Since Pap smear screening is not a medical
emergency (or even medically urgent), interest in getting a result quickly makes much less
sense than does an intense focus on optimizing the detection of cervical cancer. However,
many patients are anxious and hyper-demanding. So, turn-around-time (TAT) [check out TAT factors] has become a
competitive factor.
***"THE MAJOR BARRIER TO PREVENTION OF
CERVICAL CANCER IS NOT THE ACCURACY OF THE PAP TEST, BUT THE FAILURE [of some women] TO BE
SCREENED AT ALL" [J.A.M.A. 281 (4):347-355, 27 Jan. 1999].***
Tragically, during the past 30+ years (since
1960), commercial labs sold pap smears as "loss leaders". This falsely depressed the market
place valuation of the test at the very time when sexual factors leading to increased
cervical cancer are on the increase. And, some providers abused and weakened the testing
process in attempts to maintain a profit margin...some patients were hurt.

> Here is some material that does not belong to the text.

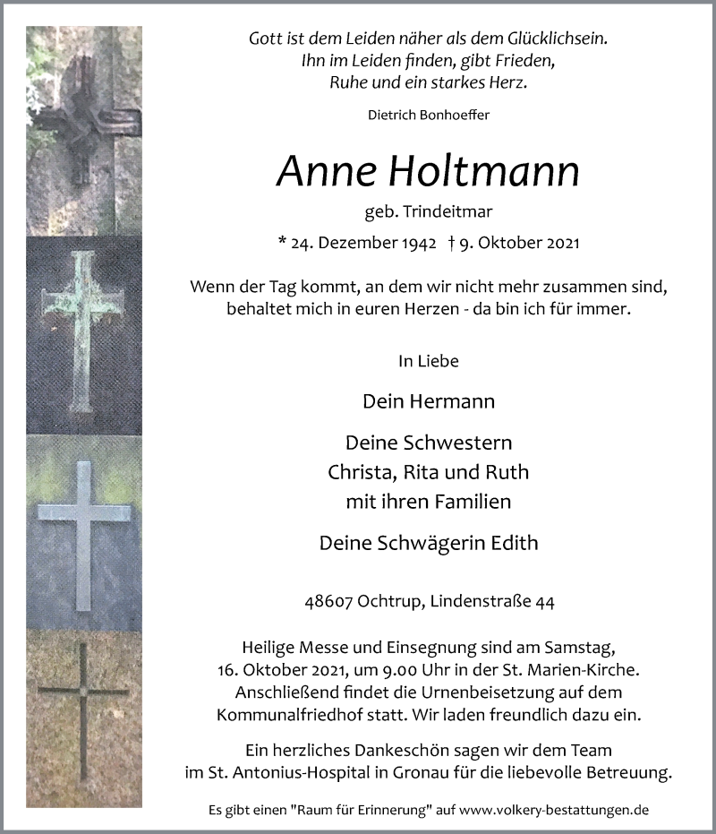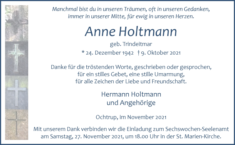 Hier finden Sie alle Traueranzeigen aus der Zeitung, die bisher für Anne Holtmann erschienen sind. Weitere Traueranzeigen, die in der Zeitung erscheinen, werden hier ebenfalls aufgelistet

Plaintiffs and their lawyers and our legal system
have created a legal perception that the pap smear should be a perfect test, that women
deserve for it to be a perfect test, and that it is therefore required to be a perfect test:
a negative report should guarantee absence of cancer or pre-cancer in your cervix. Nothing
could be further from the truth!! Worse, attempts have been made in several states to
bring criminal manslaughter charges against labs and pathologists who missed a cancer and
"failed to diagnose". So-called expert witnesses are being paid large fees to testify in
behalf of plaintiffs...many of us have seen examples of the evidence, and the ability of some
of these experts to prostitute their opinions is shocking: and the jurors believe them (or
simply decide that the plaintiff could use the money)!!! Many labs (including ours) have
strongly considered declining to test Pap smears. Some labs try to protect themselves by
diagnosing any but the most typical of smears as having "atypical cells"...an "atypia rate"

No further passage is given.